▶ [Problem requirements] Among the entries below, copy only the span from the line containing "Odisha CM Mohan" through the line containing "Ayesha Farooq, first". Do so exactly, and skip the pictures.

▶ [Dataset excerpts]
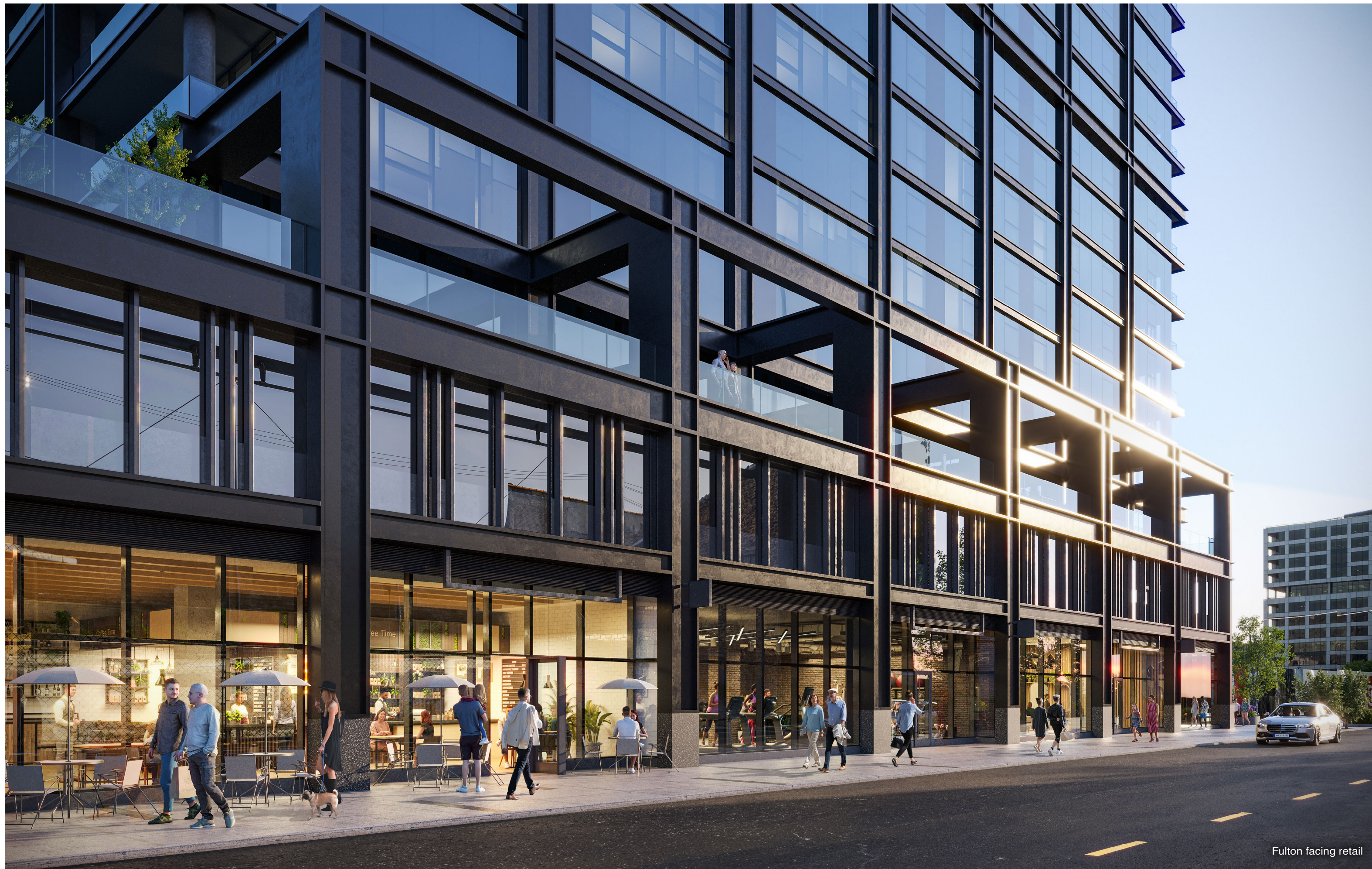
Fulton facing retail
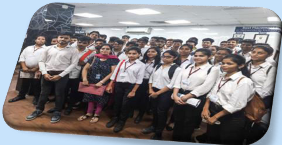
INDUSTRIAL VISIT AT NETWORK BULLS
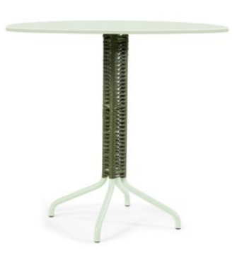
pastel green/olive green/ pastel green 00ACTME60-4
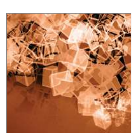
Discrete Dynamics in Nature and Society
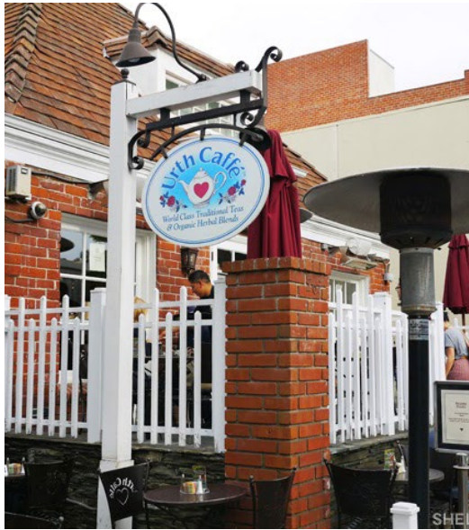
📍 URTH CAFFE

--

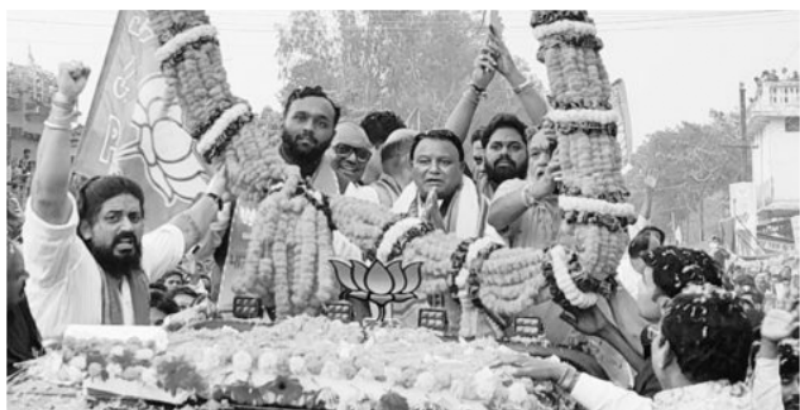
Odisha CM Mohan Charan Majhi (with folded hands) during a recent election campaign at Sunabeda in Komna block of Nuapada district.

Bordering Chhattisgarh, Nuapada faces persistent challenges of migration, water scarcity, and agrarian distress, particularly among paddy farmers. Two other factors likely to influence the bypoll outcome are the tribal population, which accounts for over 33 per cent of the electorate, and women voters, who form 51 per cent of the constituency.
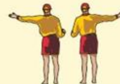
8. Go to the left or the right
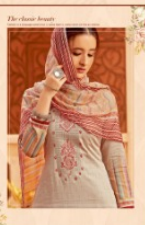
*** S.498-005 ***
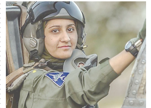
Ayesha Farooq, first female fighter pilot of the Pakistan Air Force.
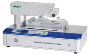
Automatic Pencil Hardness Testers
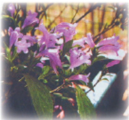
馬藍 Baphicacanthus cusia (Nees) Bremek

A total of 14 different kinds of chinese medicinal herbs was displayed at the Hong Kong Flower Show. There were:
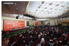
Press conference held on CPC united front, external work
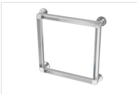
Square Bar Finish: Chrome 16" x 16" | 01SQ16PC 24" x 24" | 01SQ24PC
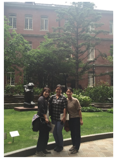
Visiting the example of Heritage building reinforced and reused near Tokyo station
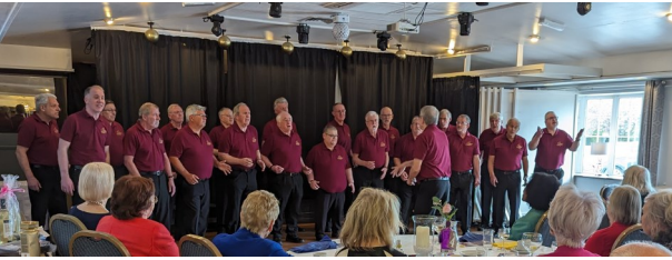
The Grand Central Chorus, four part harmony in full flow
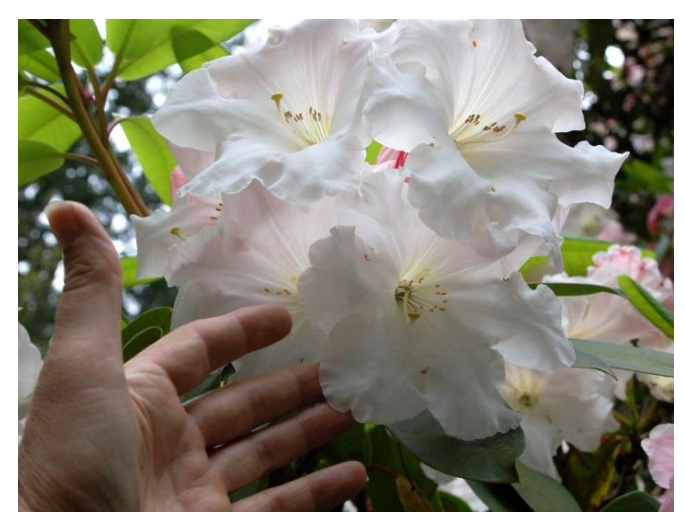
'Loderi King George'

▶ [Expected answer]
Odisha CM Mohan Charan Majhi (with folded hands) during a recent election campaign at Sunabeda in Komna block of Nuapada district.

Bordering Chhattisgarh, Nuapada faces persistent challenges of migration, water scarcity, and agrarian distress, particularly among paddy farmers. Two other factors likely to influence the bypoll outcome are the tribal population, which accounts for over 33 per cent of the electorate, and women voters, who form 51 per cent of the constituency.
8. Go to the left or the right
*** S.498-005 ***
Ayesha Farooq, first female fighter pilot of the Pakistan Air Force.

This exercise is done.